Ahwanhnee hotel is pricey...if I go to Yosemite, i imagine spending most of my time outdoors anyway.  Don't wanna rent an RV either so thinking the Lodge would be the best compromise


----------



## bcla

Apps said:


> Ahwanhnee hotel is pricey...if I go to Yosemite, i imagine spending most of my time outdoors anyway.  Don't wanna rent an RV either so thinking the Lodge would be the best compromise



Curry Village tent cabins perhaps.  It's not really camping, but it's pretty spartan.  There are still a few hard-sided cabins in service, but they took out dozens of units because of some rockfall closer to the edges.

There's also Housekeeping Camp.  Some sort of equate it to looking like emergency housing after a nuclear war broke out, but you'd get a roof over your head and they do allow cooking unlike at Curry Village.

These of course aren't the regular campgrounds where you're pretty much on your own.


----------



## WebmasterMaryJo

I stayed at the Yosemite Lodge a couple of years ago, in the 'environmental room' on the 2nd floor, and it was really nice.  It worked for a quick getaway since I wasn't going to tent camp.

The tent cabins are the most "economical" in the valley, and have stayed in them before, too.  They also have hard-walled cabins without (and a few with) bathrooms.  I stayed in one, and it was very rustic.  I don't mind going to the communal restroom, though.

I prefer Housekeeping to the tent cabins only because I can have a campfire and cook my own food (take my little camp stove).  The downside is that there are a lot of people there, so it can be a little noisy.  The upside is that it is right next to the river, so you can go picnic by it, or swim in it, depending on the time of year and flow of water.


----------



## bcla

Mary Jo said:


> I prefer Housekeeping to the tent cabins only because I can have a campfire and cook my own food (take my little camp stove).  The downside is that there are a lot of people there, so it can be a little noisy.  The upside is that it is right next to the river, so you can go picnic by it, or swim in it, depending on the time of year and flow of water.

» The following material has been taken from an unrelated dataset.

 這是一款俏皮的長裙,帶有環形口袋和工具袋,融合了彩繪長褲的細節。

Housekeeping is like a hastily built third-world refugee camp that was built decades ago but managed to remain in place.






There are some upgrades.  I've seen photos where some of those makeshift-looking fences were replaced by ones with cut board lumber.

I managed to snag a campsite this summer.  $20/night.  However, shower facilities aren't included, and Curry Village charges $5/day for showers (I supposed you could do it twice the same day after hiking).  I remember when they weren't terribly strict about payment.  Once I even went to the front desk and wanted to pay, and the young clerk refused to take my money - telling me that they didn't have anyone to check.  I'd paid before and wasn't even given a receipt.  It was solely on the honor system.


----------



## ::danielle::

I am so glad I found this thread! We are planning a Yosemite and DL trip for May 2015.   I'm struggling with where to stay at Yosemite. 

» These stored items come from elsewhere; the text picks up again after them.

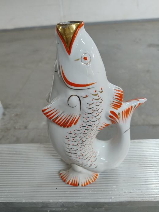 Riba - šaran, vintage dekorativna boca od porculana za vitku. Podrijetlo: Sovjetski Savez. Neoštećeno. Boca se može koristiti kao vaza. Visina: 23,0 cm.
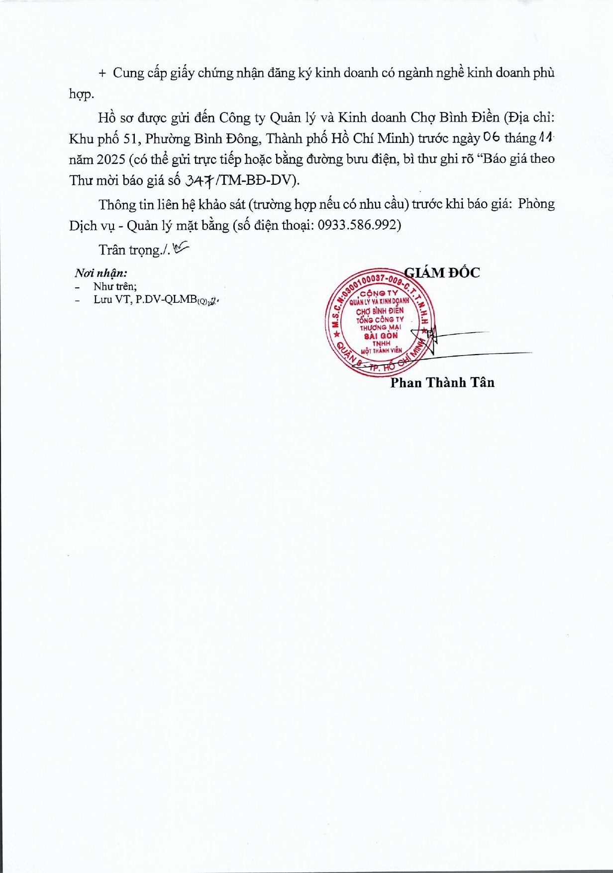 THƯ MỜI BÁO GIÁ Về việc báo giá dịch vụ Thi công hoàn thiện mặt bằng Chợ Hoa Tết Bính Ngọ năm 2026 tại Chợ Đầu mối NSTP Bình Điền
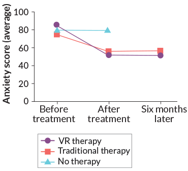 Before and after 14 weekly therapy sessions, participants reported their fear and avoidance of social situations from 0 to 144, with higher scores indicating more severe anxiety. Starting scores averaged between 75 and 85. Participants who got VR treatment dropped an average of 33 points, whereas real-life exposure participants dropped an average of 19. The no-treatment group stayed about the same. These results, reported in the April 2017 British Journal of Psychiatry, suggest that VR is at least as effective as real-life exposure for social anxiety.
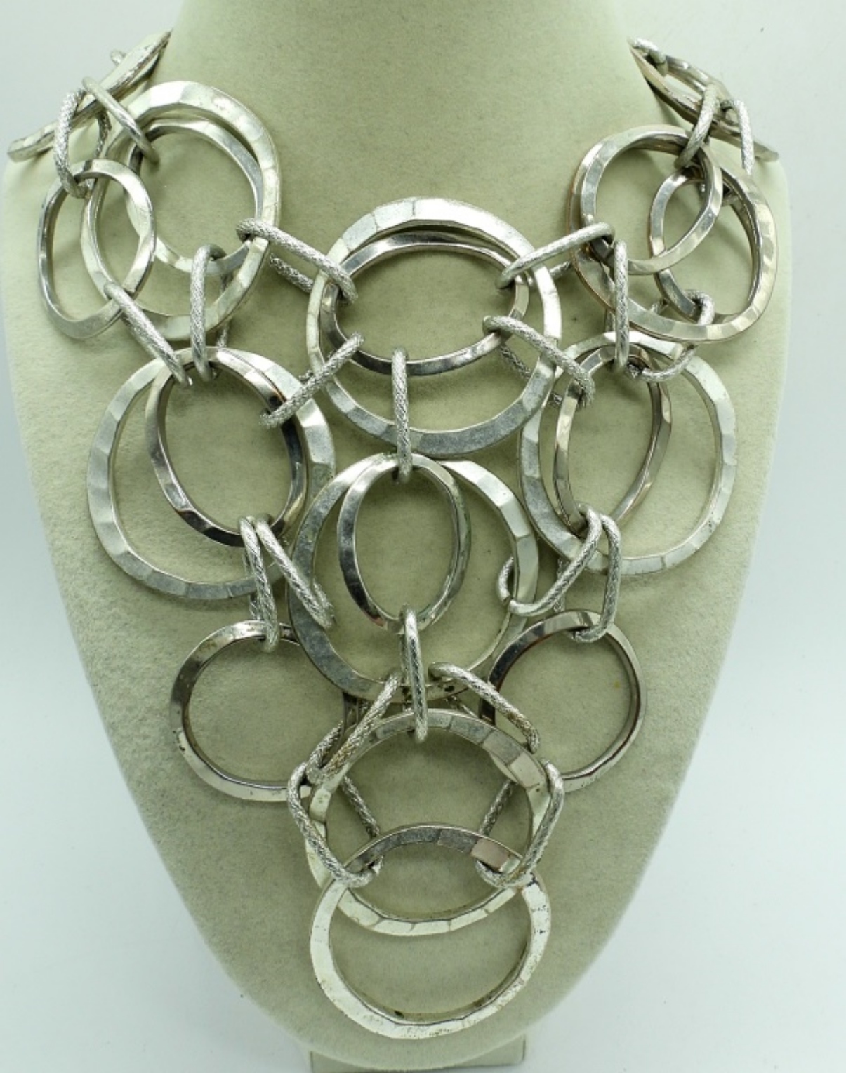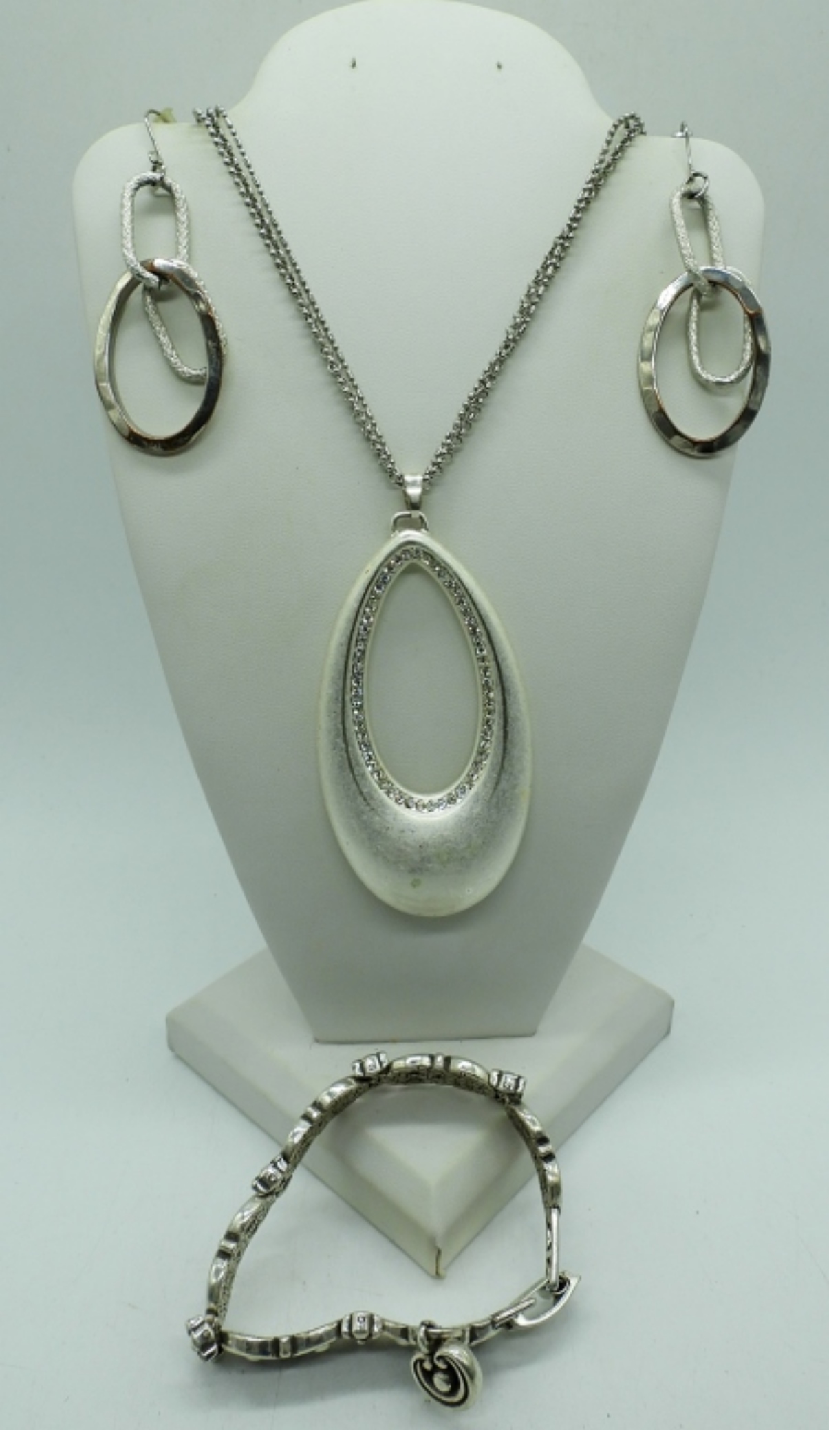 (4) LADIES SILVER TONE FASHION JEWELRY,18″MULTI LAYERED CHAIN NECKLACE WITH MATCHING EARRINGS ,32″ NECKLACE WITH SILVER TONE PENDANT AND A 3″ CLASP BRACELET

It looks like our only in-park options involve public bathrooms or the Awahanee Hotel. The private bathroom options are booked.   

Has anyone stayed at the Wawona Hotel? I'm curious about how the group bathroom and showers work.   

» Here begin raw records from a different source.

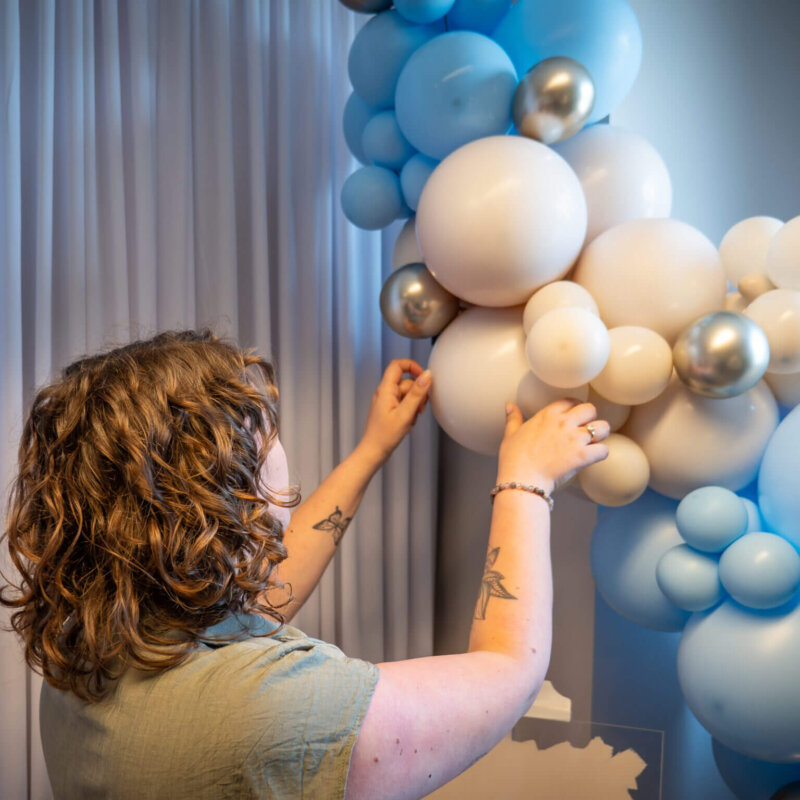 Elle puise son inspiration dans les tendances actuelles et les idées venues d’ailleurs. « Les baby showers et les gender reveals, c’est très demandé maintenant. » Parmi les prestations les plus populaires : des ballons à éclater avec la couleur rose ou bleue à l’intérieur, avec de la fumée colorée, ou encore des décors immersifs.
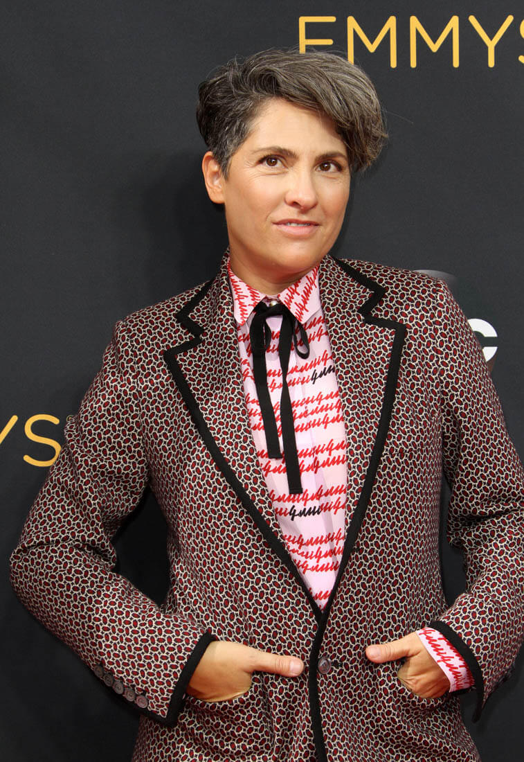 I did get eyestrain trying to see if the black squiggle on Soloway’s blouse was a word, and if it was, what it said. Didn’t her drama teacher ever tell her people would be distracted if you wore clothing with words on it? Or…have I been living a lie all this time?
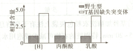 解题思路有氧呼吸的第一阶段在细胞质基质中进行,该阶段会产生[H],[H]可进入线粒体中参与有氧呼吸的第三阶段,所以线粒体中的[H]可来自细胞质基质,A正确;有氧呼吸第二阶段丙酮酸会彻底水解,但由题图可知,T基因缺失突变体线粒体中有氧呼吸中间产物丙酮酸含量高于野生型,说明突变体中有氧呼吸的第二阶段减弱,造成丙酮酸积累较多,B错误;由题干信息可知,T蛋白缺失会造成线粒体内膜受损,而线粒体内膜是进行有氧呼吸第三阶段的场所,故T基因缺失突变体线粒体内膜上的呼吸作用阶段受阻,C正确;由B、C项分析可知,T基因缺失突变体有氧呼吸强度减弱,能量供应减少,而由题图可知,T基因缺失突变体细胞质基质中无氧呼吸产物乳酸含量高于野生型,则突变体有氧呼吸强度的变化可导致无氧呼吸的增强,D正确。

I appreciate those who explained the Housekeeping Cabins. I'm not opposed to staying there.   

We are flying in so we won't have any camping gear. The fire rings do sound appealing for making s'mores.   

Also, is there any benefit to renting bikes to get around?   

Finally, is it important to stay in the park at all? We tend to prefer being in the heart of the fun  but if there's not much happening in the park after dark then maybe we will get a room with a private bath at the Tenaya Lodge.


----------



## bcla

::danielle:: said:


> I am so glad I found this thread! We are planning a Yosemite and DL trip for May 2015.   I'm struggling with where to stay at Yosemite.
> 
> It looks like our only in-park options involve public bathrooms or the Awahanee Hotel. The private bathroom options are booked.
> 
> Has anyone stayed at the Wawona Hotel? I'm curious about how the group bathroom and showers work.
> 
> I appreciate those who explained the Housekeeping Cabins. I'm not opposed to staying there.
> 
> We are flying in so we won't have any camping gear. The fire rings do sound appealing for making s'mores.
> 
> Also, is there any benefit to renting bikes to get around?
> 
> Finally, is it important to stay in the park at all? We tend to prefer being in the heart of the fun  but if there's not much happening in the park after dark then maybe we will get a room with a private bath at the Tenaya Lodge.



I went recently, so....

If you can stay inside, by all means do.  There are late night programs.  I've driven out of the park at night, and it's a little bit hairy driving those roads when it's dark.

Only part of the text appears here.